Let us add the layer to the model and retrain it.

from tensorflow.keras import regularizers
model = models.Sequential()

model.add(layers.Dense(10, activation='sigmoid', input_dim=X_train.shape[1], kernel_regularizer=regularizers.l2(0.01)))
model.add(layers.Dense(1, activation='sigmoid', kernel_regularizer=regularizers.l2(0.01)))

model.compile(optimizer='adam', loss='binary_crossentropy', metrics=['accuracy'])
hist = model.fit(X_train, y_train, epochs=500, batch_size=30, validation_data=(X_test, y_test), verbose=0)

loss_train = hist.history['loss']
loss_val = hist.history['val_loss']

acc_train = hist.history['accuracy']
acc_val = hist.history['val_accuracy']

import matplotlib.pyplot as plt
fig, ax = plt.subplots(1, 2)
ax[0].plot(loss_train, label='train_loss')
ax[0].plot(loss_val, label='val_loss')
ax[0].legend()

ax[1].plot(acc_train, label='train_acc')
ax[1].plot(acc_val, label='val_acc')
ax[1].legend()
<matplotlib.legend.Legend at 0x233444f1000>
../_images/example_7_1.png

Another way to deal with overfitting is to add a Dropout layer. The idea is that when training the model, part of the data will be randomly discarded. Then after fitting, the model tends to reduce the variance, and then reduce the overfitting.

The code of a Dropout layer is listed below. Note that the number represents the percentage of the training data that will be dropped.

from tensorflow.keras import regularizers
model = models.Sequential()

model.add(layers.Dense(10, activation='sigmoid', input_dim=X_train.shape[1]))
model.add(layers.Dropout(0.3))
model.add(layers.Dense(1, activation='sigmoid'))

model.compile(optimizer='adam', loss='binary_crossentropy', metrics=['accuracy'])
hist = model.fit(X_train, y_train, epochs=500, batch_size=30, validation_data=(X_test, y_test), verbose=0)

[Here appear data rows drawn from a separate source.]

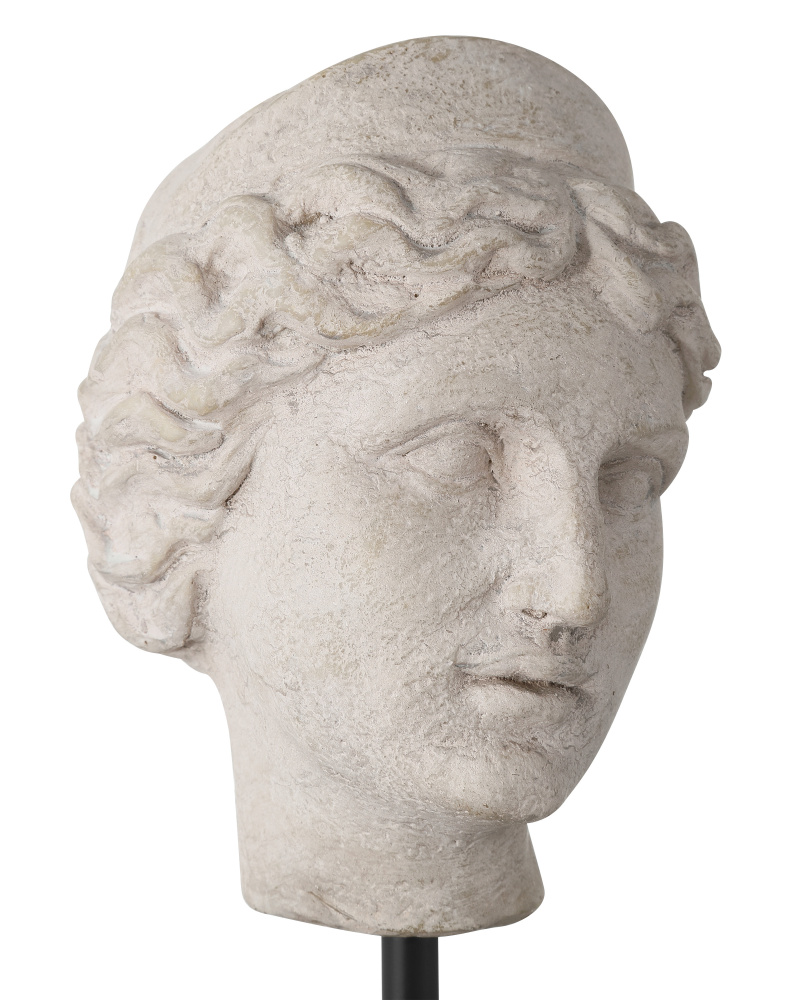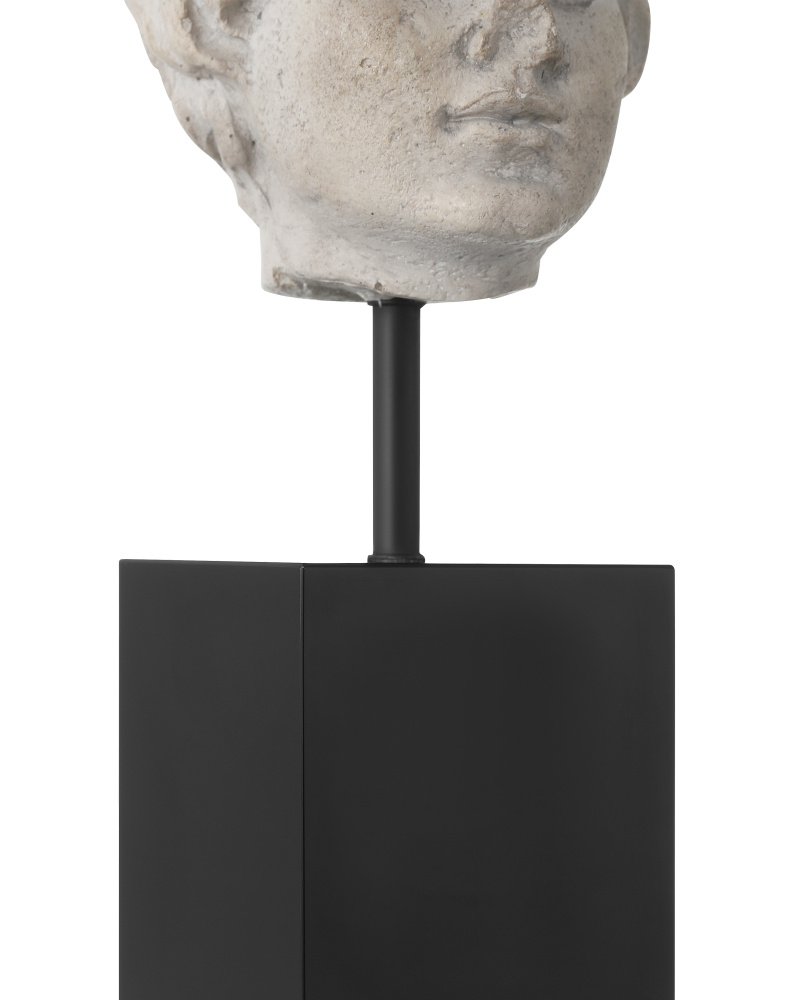 The Venus Head on Stand Set is two sculptures that look as if they were carved from stone ions ago, though they are actually made of composite in an artisanal mix of beige and pale gray finishes. Mounted on blocks of black optic crystal in varying heights, these sculptures look like museum-quality artifacts.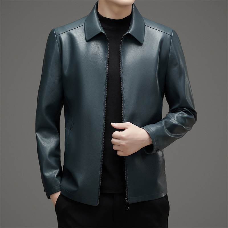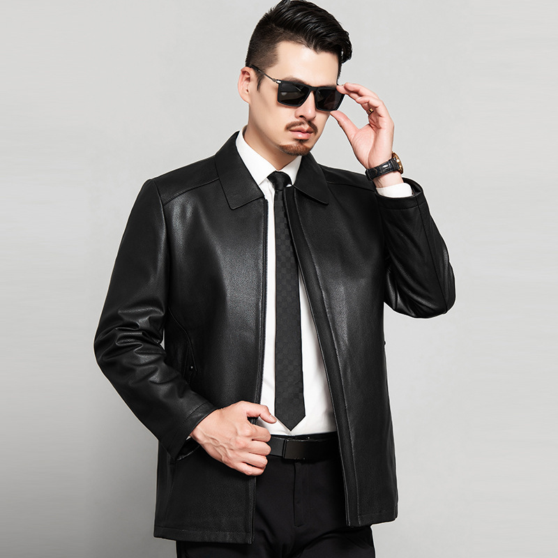 秋冬メンズレザージャケット中年男性ミドル丈ジッパーラペル第一層シープスキンレザージャケット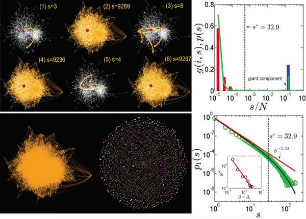 另一方面,基于大量的社會實證數據,耶魯大學社會科學家們發現,個人的影響力大都會局限在其朋友的朋友的朋友之內,如抽煙、酗酒和吸食大麻等行為,也就是著名的“三度影響力”理論。這與需要全局數據的觀點恰好相反,“三度影響力”理論表明,可以從個體的局部網絡結構信息來衡量其在全網上的社會影響力。這兩者看起來相互矛盾的結論引起了一個根本的問題:是否真的可以僅僅只根據局部的網絡結構信息來準確度量個體的全局影響力?在該項研究中,胡延慶副教授與其合作者給出了該問題的具體答案,并且解釋清楚了全局和局域之間的聯系。并發現一個普適的結論:對于初始條件一樣的傳播事件,其傳播范圍只能以一定概率屬于如下兩種情況之一,一個是傳播不開的局域態,即信息傳播很少幾步就終止了;另一個是全局傳播,傳播范圍與網絡規模成正比,等于該傳播概率對應的邊滲流模型中的巨連通集團大小。并且這兩種狀態可以非常明顯地區分出來,由此得到三個重要結果:(1)在在線社交網絡中,個體的傳播力可以被精確地定義為最大連通滲流集團的大小與個體在該連通集團的概率的乘積。這里第一次給出了社交網絡中個體傳播力的簡潔數學方程。(2)任何個體的影響力都可以在特征關聯長度內,僅僅通過局部的網絡結構信息來精確衡量,其誤差會隨該長度成指數衰減。這種現象與物理相變中臨界行為之間有著深刻的理論關聯。(3)基于上述發現,設計了一個優化算法來選擇最具有影響力的個體。該算法不需要知道網絡結構的全局信息,從而其計算時間復雜度與網絡規模無關為一常數。在頂點數量以億為單位的網絡上,該算法時間復雜度比以往最快的貪心算法快上千萬倍,且可以獲得質量極高的優化解。

loss_train = hist.history['loss']
loss_val = hist.history['val_loss']

acc_train = hist.history['accuracy']
acc_val = hist.history['val_accuracy']

import matplotlib.pyplot as plt
fig, ax = plt.subplots(1, 2)
ax[0].plot(loss_train, label='train_loss')
ax[0].plot(loss_val, label='val_loss')
ax[0].legend()

ax[1].plot(acc_train, label='train_acc')
ax[1].plot(acc_val, label='val_acc')
ax[1].legend()
<matplotlib.legend.Legend at 0x233471a2f50>
../_images/example_9_1.png

After playing with different hyperparameters, the overfitting issues seem to be better (but not entirely fixed). However, the overall performance is getting worse. This means that the model is moving towards underfitting side. Then we may add more layers to make the model more complicated in order to capture more information.

from tensorflow.keras import regularizers
model = models.Sequential()

model.add(layers.Dense(10, activation='sigmoid', input_dim=X_train.shape[1]))
model.add(layers.Dropout(0.3))
model.add(layers.Dense(10, activation='sigmoid', input_dim=X_train.shape[1]))
model.add(layers.Dropout(0.1))
model.add(layers.Dense(1, activation='sigmoid'))

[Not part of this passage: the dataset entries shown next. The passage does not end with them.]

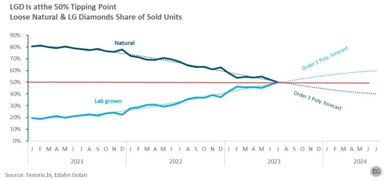 与此同时,培育钻石裸钻在市场总销量中的占比已经极其接近50%。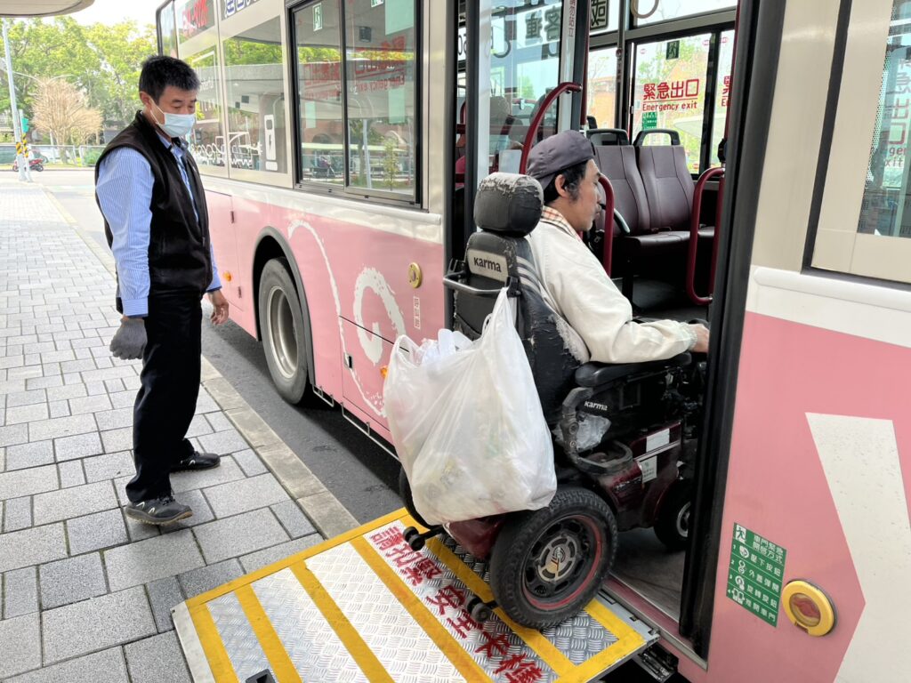 此外,溪北地區復康巴士(如下圖照片),由笙田國際小客車租賃公司得標服務,設備操作及駕駛服務態度等專業友善,值得肯定;另搭乘1766班次低底盤公車(如下圖照片)由宜蘭轉運站前往礁溪湯圍溝,低底盤公車備渡板設施可提供輪椅使用者上下車輛,呼籲會員朋友及縣內身心障礙及年長者,無論外出訪友、休憩購物,可以多加利用舒適便捷的無障礙大眾交通運輸,更期使客運業者打造安全有愛的無障礙乘車環境。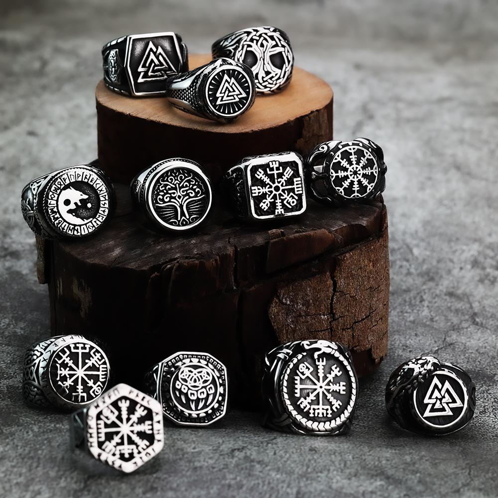 Iskandinav Viking Paslanmaz Çelik Yüzük Çapa Pusula Hayat Ağacı Rune Muska Kurt Erkek Kadın Parmak Takı Biker Parti Kulübü Hediye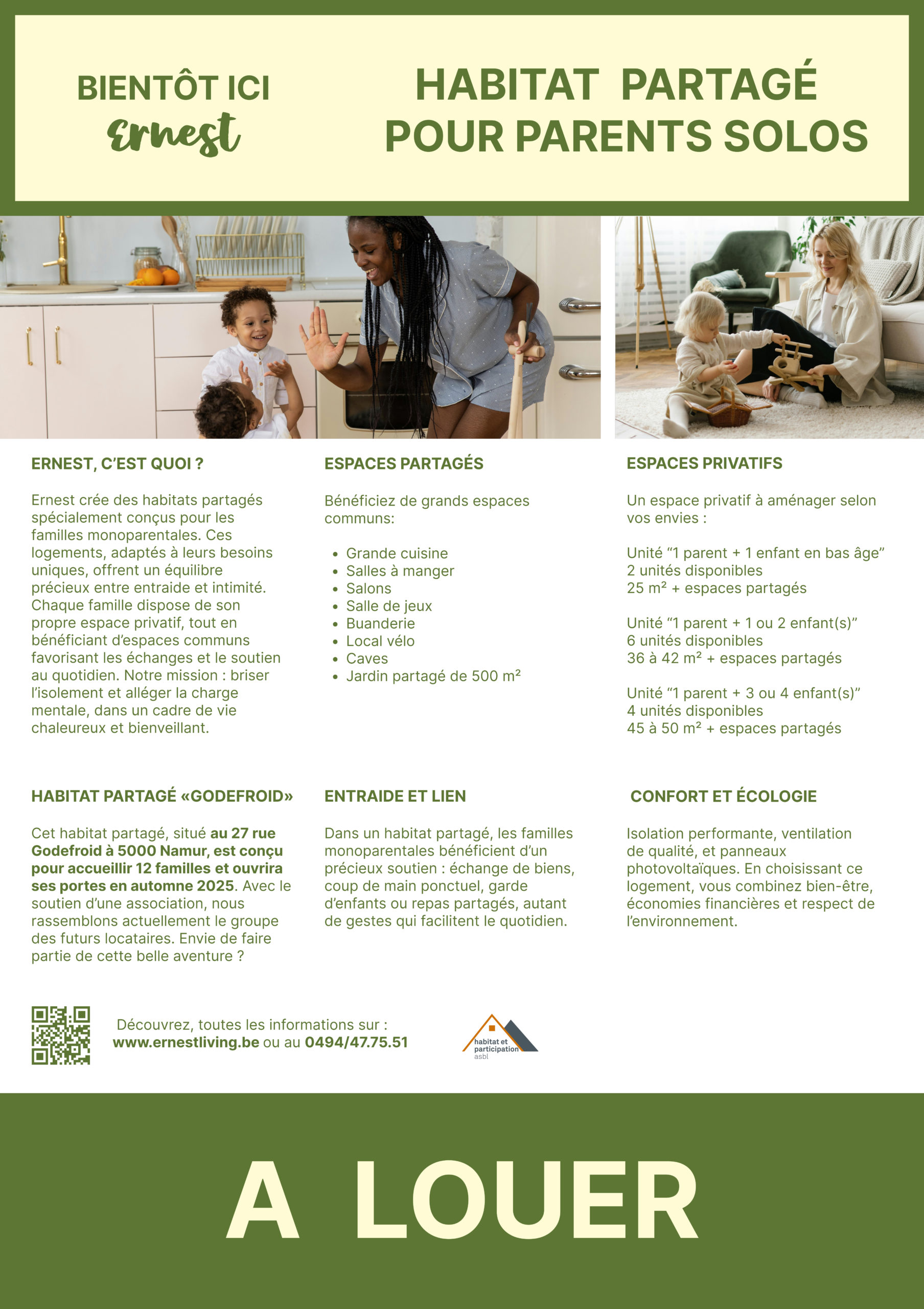 Ernest ouvre à l’automne 2025 l’habitat partagé « Godefroid » dans le centre de Namur. Ernest développe des habitats partagés pour familles monoparentales. Ces logements offrent un équilibre unique entre entraide et intimité : chaque famille dispose de son espace privatif, tout en profitant d’espaces communs qui encouragent le soutien mutuel et les échanges. L’ambition d’Ernest ? Briser…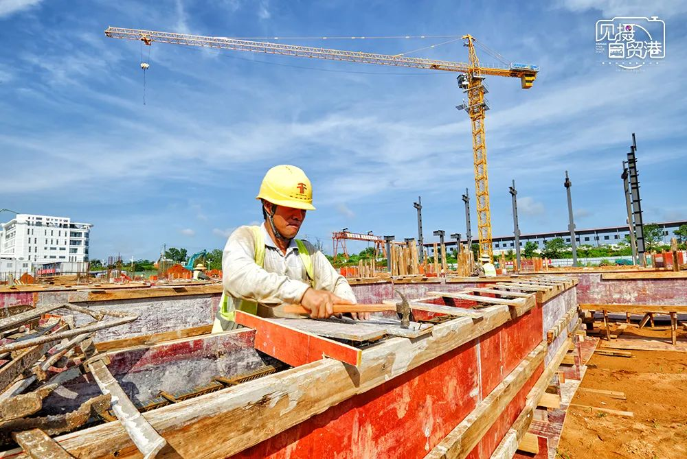 位于卫星总装测试厂房施工现场,工人进行地基打桩施工。海南日报记者 封烁 摄

model.compile(optimizer='adam', loss='binary_crossentropy', metrics=['accuracy'])
hist = model.fit(X_train, y_train, epochs=500, batch_size=30, validation_data=(X_test, y_test), verbose=0)

loss_train = hist.history['loss']
loss_val = hist.history['val_loss']

acc_train = hist.history['accuracy']
acc_val = hist.history['val_accuracy']

import matplotlib.pyplot as plt
fig, ax = plt.subplots(1, 2)
ax[0].plot(loss_train, label='train_loss')
ax[0].plot(loss_val, label='val_loss')
ax[0].legend()

ax[1].plot(acc_train, label='train_acc')
ax[1].plot(acc_val, label='val_acc')
ax[1].legend()
<matplotlib.legend.Legend at 0x2334a31aa10>
../_images/example_11_1.png

As you may see, to build a netural network model it requires many testing. There are many established models. When you build your own architecture, you may start from there and modify it to fit your data.